Correlation of phenotype scores for mutations analyzed, with reference to degree of bone dysplasia, hair hypoplasia, and immunodeficiency/hematological abnormalities. A, Results of 5.8S rRNA cleavage activity normalized to wild-type activity as a function of ribosomal assembly in 13 mutations, compared with the respective skeletal phenotype score, revealing a significant negative correlation between degree of bone dysplasia and rRNA cleavage activity (R=-0.8346; P=.0008). rRNA cleavage was most affected by the AD mutations g.111_112insACGTAGACATTCCT and g.90_91AG→GC. An intermediate effect was observed for the AD mutation g.254C→G; mutation g.195C→T, identified in the new patient with AD as well as in patients with CHH and MDWH; and mutations g.126C→T, g.220T→C, g.261C→T, g.4C→T, g.63C→T, and g.96_97dupTG, leading to the milder phenotypes.

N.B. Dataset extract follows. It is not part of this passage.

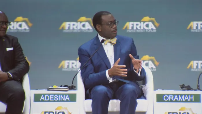 The president of the African Development Bank (AfDB), Akinwumi Adesina, speaking at the opening of the African Investment Forum in Johannesburg on Wednesday (Pic: AfDB Twitter) The president of the African Development Bank (AfDB), Akinwumi Adesina, speaking at the opening of the African Investment Forum in Johannesburg on Wednesday (Pic: AfDB Twitter)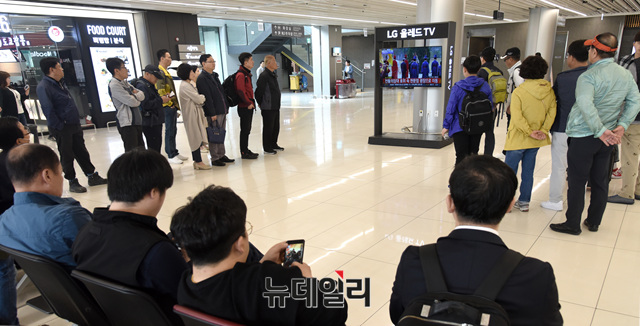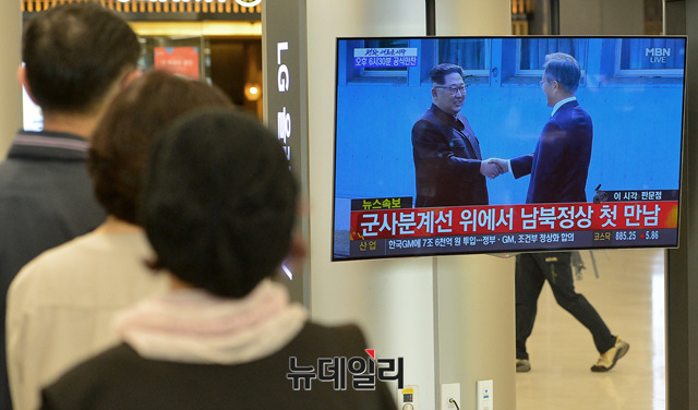 2018 남북정상회담이 열린 27일 오전 시민들이 서울 강서구 김포국제공항에서 생중계로 문재인 대통령과 김정은이 악수 나누는 모습을 보고 있다.

The least effect was seen for g.146G→A, g.248C→T, and g.70A→G. Red columns represent AD mutations, yellow columns represent CHH and MDWH mutations, and orange columns represent AD, CHH, and MDWH mutations. B, Results of mRNA cleavage activity normalized to wild-type activity as a function of cell-cycle progression in 13 mutations, compared with the respective immunological/hematological phenotype score and the incidence of hair hypoplasia. Notably, the presence of impaired mRNA cleavage activity strongly correlates with the immunological/hematological phenotype and the likelihood of hair hypoplasia (R=-0.8429 [P=.0007] and R=-0.8115 [P=.001], respectively).

Figure 4.

Two-dimensional structure of the RNase MRP complex. The RMRP gene encodes the untranslated RNA component of the mitochondrial RNA–processing ribonuclease. Nucleotides mutated in milder phenotypes are shaded yellow, those mutated in the severe skeletal phenotype are shaded red, and the mutation observed in both milder and severe skeletal phenotypes is shaded orange. Recently, it was shown that the proteins Rpp20, Rpp21, Rpp25, Rpp30, Rpp38, hPop1, and hPop4 interact directly with the RNA frame formed by the RMRP transcript, whereas hPop5 and Rpp14 do not.^,, Our results also indicate a predominant participation of the P1, P2, and P19 domains, as well as the P8, P9, and P12 domains, in the rRNA cleavage function, whereas parts of the P3 and P4 domains seem to be involved mainly in mRNA cleavage.